In December 2023, the Company invested $9.9 million for a 9.9% ownership interest in Corporate Flight Management, Inc. d/b/a Contour Airlines (“Contour”), a 14 CFR Part 135 air carrier. In January 2024, the Company invested an additional $15.1 million in Contour. The Company has a 25% ownership interest in Contour at March 31, 2024 and holds one of five seats, or 20%, on Contour’s board of directors. The Contour arrangement also includes an asset provisioning agreement under which the Company will provide CRJ airframes, engines and rotable parts to Contour. The Company accounts for its investment in Contour under the equity method where the investment is reported at cost and adjusted each period for the Company’s share of Contour’s income or loss, recorded on a one quarter lag. Accordingly, for the three months ended March 31, 2024, the Company recorded a loss of less than $0.1 million, its portion of loss generated by Contour during the fourth quarter of 2023, which was recorded in “Other income (loss), net” on the Company’s consolidated statements of comprehensive income. As of March 31, 2024, the Company’s investment balance in Contour of $25.0 million was recorded in “Other Assets” on the Company’s consolidated balance sheet. At March 31, 2024, the Company had $14.0 million in notes receivable from Contour related to the sale of aircraft under the asset provisioning agreement. The notes are secured by aircraft and collectible within four years.

The Company assesses investments for impairment whenever events or changes in circumstances indicate that the carrying value of an investment may not be recoverable.

Fair Value Method Investments

In 2021, the Company entered into a strategic partnership with Eve UAM, LLC (“Eve UAM”), to develop a network of deployment for Eve UAM’s electric vertical takeoff and landing (“eVTOL”) aircraft.

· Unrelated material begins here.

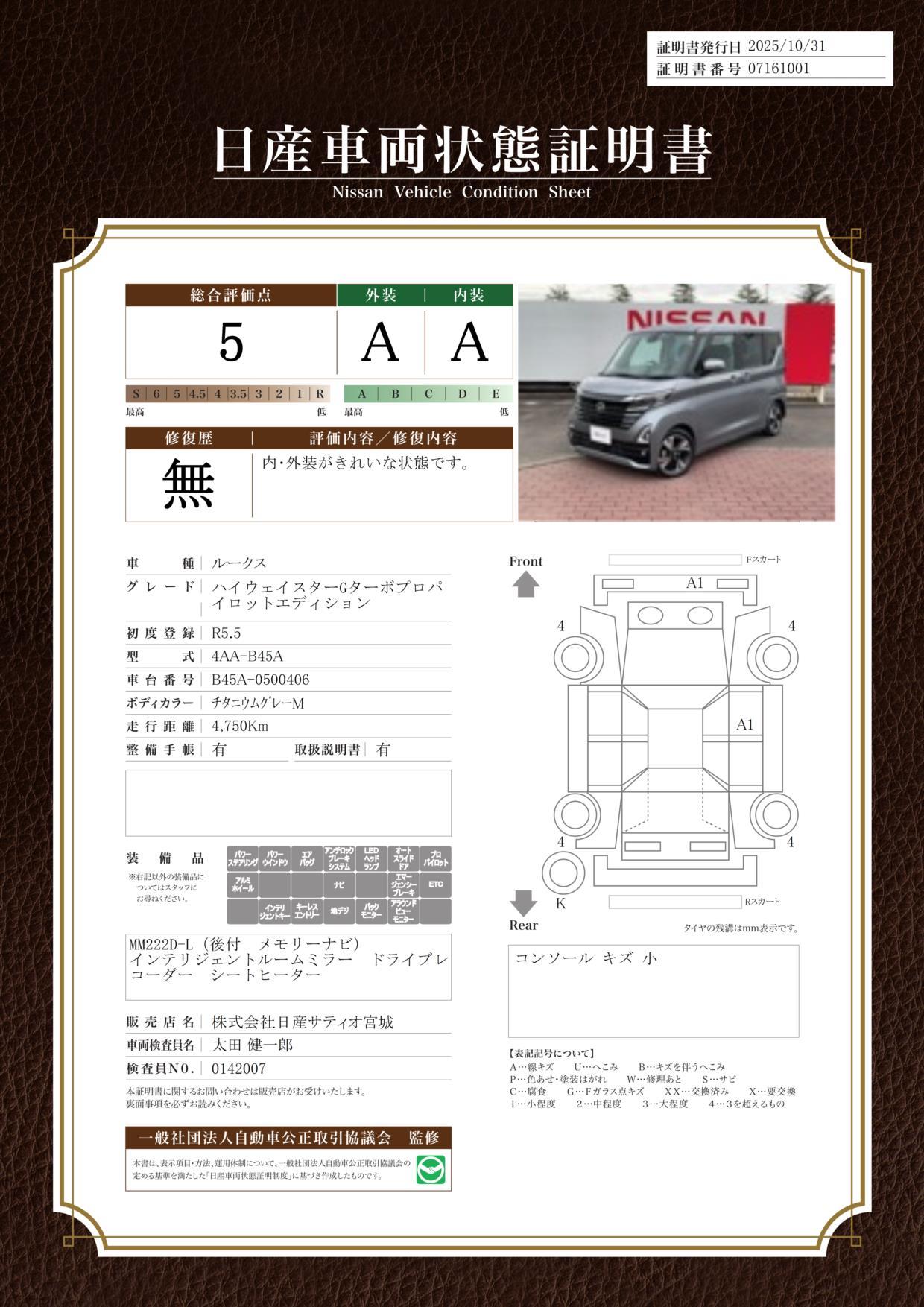 | 保証について | [保証付]:24ヶ月・走行無制限 |

In 2022, the Company acquired 1,000,000 shares of common stock of Eve Holding, Inc. (“Eve”) and a warrant giving the Company the right to acquire 1,500,000 shares of common stock of Eve at an exercise price of $0.01 per share. The Company also received a put option from an Eve shareholder for the 1,000,000 shares of common stock of Eve payable in aircraft parts credits. The intent of the put option is to reduce the Company’s investment risk in Eve, and the put option expires in December 2031. The Company is restricted from selling the shares underlying the warrant until May 2025, and the warrant expires in May 2032. The Company acquired the shares of common stock, warrant and put option (collectively the “Eve Investments”) for $10.0 million. The Company evaluated the Eve Investments under ASC Topic 321, “Investments – Equity Securities” and ASC Topic 815, “Derivatives and Hedging,” and recorded the Eve Investments based on their pro rata share of the consideration paid using the fair value of the Eve Investments on the acquisition date, with subsequent changes in the fair value reported in earnings. During the year ended December 31, 2023, the Company sold 600,411 shares of common stock of Eve, which concurrently forfeited the 600,411 shares subject to the put option from the Eve shareholder.

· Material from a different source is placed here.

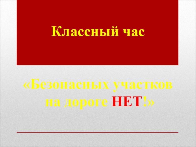 Презентация, доклад к классному часу Безопасных участков на дороге -нет!

The shares of common stock of Eve are classified as Level 1 within the fair value hierarchy as Eve stock is actively traded on the New York Stock Exchange, and the value is determined using quoted market prices for the equity security. The warrant and put option are classified as Level 3 within the fair value hierarchy (“Eve Level 3 Investments”), and the Company used the Black Scholes Option Pricing Model to determine the estimated fair market value of the Eve Level 3 Investments, including an expected volatility of 52%, which is a significant unobservable input that was derived from historical volatility of comparable companies.

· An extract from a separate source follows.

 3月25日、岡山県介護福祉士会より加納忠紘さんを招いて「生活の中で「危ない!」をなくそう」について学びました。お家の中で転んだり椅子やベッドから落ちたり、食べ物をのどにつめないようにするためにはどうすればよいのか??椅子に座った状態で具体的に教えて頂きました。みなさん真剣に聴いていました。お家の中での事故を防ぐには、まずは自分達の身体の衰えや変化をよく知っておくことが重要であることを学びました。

The table below shows the reconciliation of the Eve Level 3 Investments (in thousands):

Eve Level 3 Investments:

Balance at December 31, 2023

    

$

12,477

Unrealized loss

 

(2,731)

Balance at March 31, 2024

$

9,746

The Company recognized unrealized losses of $3.5 million in “Other income (loss), net” on the Company’s consolidated statements of comprehensive income for the three months ended March 31, 2024, related to the Eve Investments. As of March 31, 2024, the fair value of the Eve Investments was $11.9 million and was recorded in “Other Assets” on the Company’s consolidated balance sheet.